Приготовившись ждать, пока страсти улягутся, сжимаю в ладони две шоколадки. Инга, моя мачеха, помешана на ЗОЖе. Сладкое в этом доме под строжайшим запретом и ещё пару лет назад все мои карманные деньги обычно уходили на конфеты. По вечерам я писала на фантике записки, иногда просто желала спокойной ночи, и подкладывала их братьям под подушки. А утром по дороге в школу Ромка с Максом вечно выясняли кого я больше люблю. Сложный вопрос.

Если мне предложат протянуть руку помощи кому-то одному, я не смогу выбрать.

Сегодня Максим возвращается домой. Я по обыкновению узнала об этом последней. Мачеха скорее удавится, чем оставит нас наедине. Впрочем, младший давно отбился от рук. От материнских в том числе.

В последний раз мы с Максом виделись ровно год назад. В тот раз Инга в лоб потребовала держаться подальше от её мальчиков – не лезть в семью старшего и не сбивать с пути младшего. Такую истерику на ровном месте закатила, что я ещё неделю боялась встречаться с ней взглядом.

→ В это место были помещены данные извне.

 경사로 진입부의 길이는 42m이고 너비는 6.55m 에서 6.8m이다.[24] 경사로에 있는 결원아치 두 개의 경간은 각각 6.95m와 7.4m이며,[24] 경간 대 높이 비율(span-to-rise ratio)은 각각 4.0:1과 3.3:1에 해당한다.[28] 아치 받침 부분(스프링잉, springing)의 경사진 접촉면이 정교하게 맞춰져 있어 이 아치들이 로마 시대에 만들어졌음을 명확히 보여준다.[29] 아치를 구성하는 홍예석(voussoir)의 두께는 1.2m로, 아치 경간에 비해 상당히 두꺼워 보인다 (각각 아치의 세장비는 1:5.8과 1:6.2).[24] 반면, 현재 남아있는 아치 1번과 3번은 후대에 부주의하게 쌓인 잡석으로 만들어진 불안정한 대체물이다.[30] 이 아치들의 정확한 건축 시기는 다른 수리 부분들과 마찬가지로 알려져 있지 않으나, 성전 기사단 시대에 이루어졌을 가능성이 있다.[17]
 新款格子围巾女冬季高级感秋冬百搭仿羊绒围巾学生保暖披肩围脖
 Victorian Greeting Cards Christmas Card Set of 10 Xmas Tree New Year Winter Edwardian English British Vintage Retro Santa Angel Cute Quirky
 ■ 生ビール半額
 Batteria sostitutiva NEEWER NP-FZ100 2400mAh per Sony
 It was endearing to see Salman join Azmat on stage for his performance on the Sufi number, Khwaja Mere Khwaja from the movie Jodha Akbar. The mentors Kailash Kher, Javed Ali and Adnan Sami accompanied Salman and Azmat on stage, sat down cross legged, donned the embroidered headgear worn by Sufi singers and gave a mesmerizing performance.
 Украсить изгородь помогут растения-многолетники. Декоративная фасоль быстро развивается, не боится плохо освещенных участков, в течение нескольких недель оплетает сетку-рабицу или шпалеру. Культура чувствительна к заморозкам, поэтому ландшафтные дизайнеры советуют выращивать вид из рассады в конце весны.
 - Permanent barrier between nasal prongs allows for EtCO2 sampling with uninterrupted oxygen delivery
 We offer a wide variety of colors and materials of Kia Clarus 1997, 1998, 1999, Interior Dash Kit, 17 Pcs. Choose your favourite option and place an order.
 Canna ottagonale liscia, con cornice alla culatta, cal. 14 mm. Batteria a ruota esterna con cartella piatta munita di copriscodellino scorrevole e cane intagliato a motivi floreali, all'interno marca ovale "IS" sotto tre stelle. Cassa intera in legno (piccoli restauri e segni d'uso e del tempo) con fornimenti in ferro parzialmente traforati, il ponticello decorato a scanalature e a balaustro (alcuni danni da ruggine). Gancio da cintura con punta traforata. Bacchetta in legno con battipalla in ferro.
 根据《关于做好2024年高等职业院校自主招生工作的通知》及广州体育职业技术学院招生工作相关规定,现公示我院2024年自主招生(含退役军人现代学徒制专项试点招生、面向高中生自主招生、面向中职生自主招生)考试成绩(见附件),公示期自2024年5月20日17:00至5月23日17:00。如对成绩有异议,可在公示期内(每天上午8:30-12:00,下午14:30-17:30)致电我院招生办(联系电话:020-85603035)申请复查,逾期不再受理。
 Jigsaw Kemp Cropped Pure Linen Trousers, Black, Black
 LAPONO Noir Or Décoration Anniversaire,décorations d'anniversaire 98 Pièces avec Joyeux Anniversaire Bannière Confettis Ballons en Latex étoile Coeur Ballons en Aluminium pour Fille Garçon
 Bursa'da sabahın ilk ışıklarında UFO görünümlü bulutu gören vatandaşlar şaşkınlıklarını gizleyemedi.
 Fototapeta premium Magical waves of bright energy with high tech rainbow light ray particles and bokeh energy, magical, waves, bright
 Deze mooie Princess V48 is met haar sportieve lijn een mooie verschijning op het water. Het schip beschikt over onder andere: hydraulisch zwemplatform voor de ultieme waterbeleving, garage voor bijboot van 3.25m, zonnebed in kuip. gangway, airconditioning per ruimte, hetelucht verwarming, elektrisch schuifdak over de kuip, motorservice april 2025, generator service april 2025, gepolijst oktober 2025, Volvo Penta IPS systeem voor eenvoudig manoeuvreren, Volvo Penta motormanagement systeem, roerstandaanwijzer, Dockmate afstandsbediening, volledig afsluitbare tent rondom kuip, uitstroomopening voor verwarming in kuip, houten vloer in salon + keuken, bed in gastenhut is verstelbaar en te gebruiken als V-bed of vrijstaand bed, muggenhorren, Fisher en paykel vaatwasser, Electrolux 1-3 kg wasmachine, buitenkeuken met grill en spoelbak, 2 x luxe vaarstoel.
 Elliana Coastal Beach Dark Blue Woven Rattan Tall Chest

Обидно, ведь ничего плохого даже в мыслях не было.

Мачеха меня никогда не любила. Я была десятилетним ребёнком, когда Инга разбила семью моих родителей. Мама осталась со мной одна в чужом городе. Сломалась. Запила. Отец узнал, забрал меня к себе, пока она лечилась. Половина суммы с продажи общего дома ушло на расширение жилплощади путём покупки соседней квартиры. Как мать распорядилась своей частью денег по сей день неизвестно. Укатила назад в родной посёлок. Мозги ей в клинике, видимо, промыли так обстоятельно, что возвращаться за мной она передумала. Так, звонит иногда, поздравить по праздникам.

Конечно, в Инге частенько просыпается исчадье ада, но нужно отдать мачехе должное – в школу я всегда ходила причёсанная и накормленная. Не то что, при родной матери, которая вместо масла к хлебу покупала очередную бутылку.

Отец – пилот, он чаще в небе, чем с семьёй. По-настоящему рядом со мной были только сводные братья. Мои заступники. Мои бесстрашные орлы.

В комнате уже пару минут как хлопнула дверь. Ушли наконец-то.

Я так спешу выбраться из своего укрытия, что напоровшись взглядом на Рому пару секунд просто растерянно ловлю ртом воздух.

Не так я планировала впервые увидеть мужчину со спущенными штанами.

Он успевает прикрыть глаза и беззвучно выругаться. При мне братья никогда не матерятся. До сих пор.

Клянусь, я не собиралась смотреть вниз. Оно как-то само мгновенно отпечаталось в мозгу, вплоть до узора вен на напряжённом запястье и огромного просто, подрагивающего...

Ох, мама... мамочка! – парализует меня подсознание. Надеюсь, Рома не успел понять, куда я вытаращилась.

Судорожно поднимаю взгляд выше его пояса, отчаянно краснея каждым миллиметром кожи.

– Что ты делаешь? – задаю самый нелепый из возможных вопросов. Не настолько я блаженная, чтобы не понять.

– Обламываюсь, Кать. Второй раз за день.

Мы одновременно поворачиваемся друг к другу спиной, что лишь усугубляет положение. В отражении зеркала открывается вид на крепкие ягодицы, которые Рома спешит спрятать под брюками. Сухой, нервный смех сотрясает мои плечи, хотя смешного тут реально мало. Меня вот-вот хватит удар от залётной мысли, что Инга может заглянуть сюда в любой момент.

– Теперь я понимаю, почему у вас с Никой детей нет. Ром, это ужасно. В смысле, ну... можно же записаться к семейному психологу, – выбираю нейтральную тему, не зная как себя вести. Всё-таки впервые так облажалась.

В итоге решаю придерживаться той же линии поведения, что и он. А Рома, чтоб его, ведёт себя, как если бы размахивать по дому мужским достоинством было в порядке вещей. То есть, закусывает дурную улыбку и приближается, глядя на меня через зеркало. Я так не могу.